HTC Vive standalone Daydream headset for the US canceled

HTC just made a big splash in China, announcing its much-anticipated standalone Vive VR headset for the market. The company, however, had a few unexpected surprises. It announced a new "half platform", the Vive Wave, for the new headset, the Vive Focus. That name was expected to be used for the standalone Daydream headset promised at Google I/O a few months back. Apparently, according to TechCrunch, HTC and Google have decided to scrap that plan even before it had a chance to be born.

HTC's standalone headsets weren't much of a secret really. The Daydream-powered Vive headset was already formally announced back in May and HTC continually teased its Viveport-based Chinese model. Until today, it was expected that HTC would have two different standalone headset, both powered by a Qualcomm Snapdragon 835. In the end, however, there could only be one.

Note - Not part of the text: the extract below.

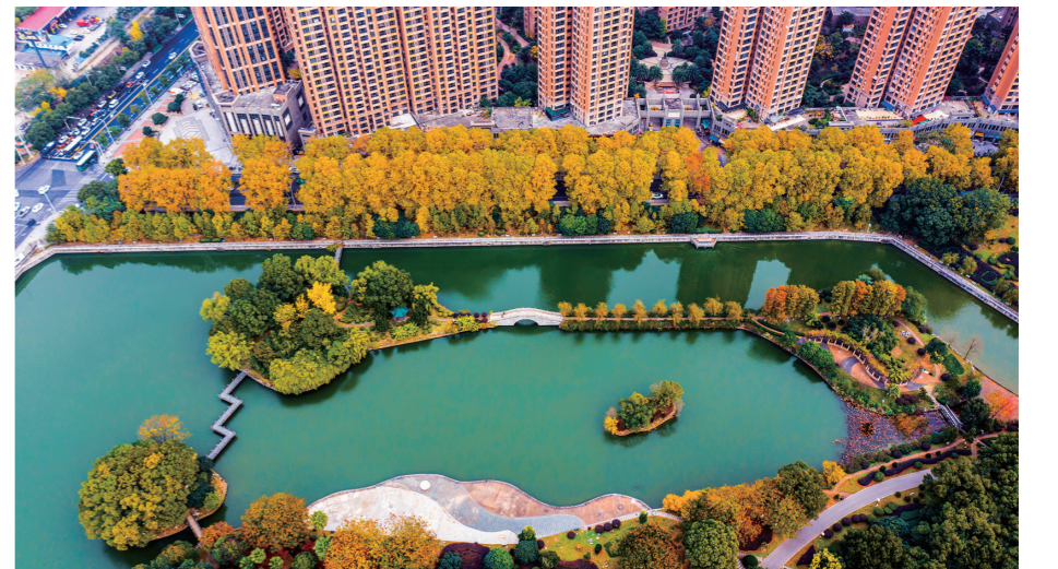
【青】文化园和人民路的梧桐。

譬如,上班或回家途中的一街一景,还有我们和这座城,我们和这个冬天,出其不意的缘分。然后的然后,你会期待,接下来,是更黄的银杏、更红的枫叶、更蓝的天空,和,更好的我们。

The decision to throw in the towel even before the fight has begun may have been due to the rise of Oculus, owned by Facebook, as the de facto VR platform in the West. In addition to the Rift, which now costs only $400, and the smartphone-powered Samsung Gear VR, Oculus just launched the standalone Oculus Go headset, which used content from Samsung's Gear VR. This preempted the release of a standalone Daydream VR headset, forcing HTC to cut its losses and focus on the market where it has an advantage.

In contrast to the US and other Western markets, HTC Vive has a more stable foothold in China, which explains why HTC is dumping its resources there. Its new Vive Wave platform aims to unify the two threads of PC and mobile VR development into one, happy Viveport family. Unfortunately, that family doesn't include anything from Google.

This does leave Google's Daydream without a solid champion, although Google says a wireless headset from Lenovo is still on the table. Google hasn't exactly been seen as a serious player in the VR market, be it with its Cardboard VR nor with this new Daydream platform. This drastic change of plans is unlikely to spark confidence in it either.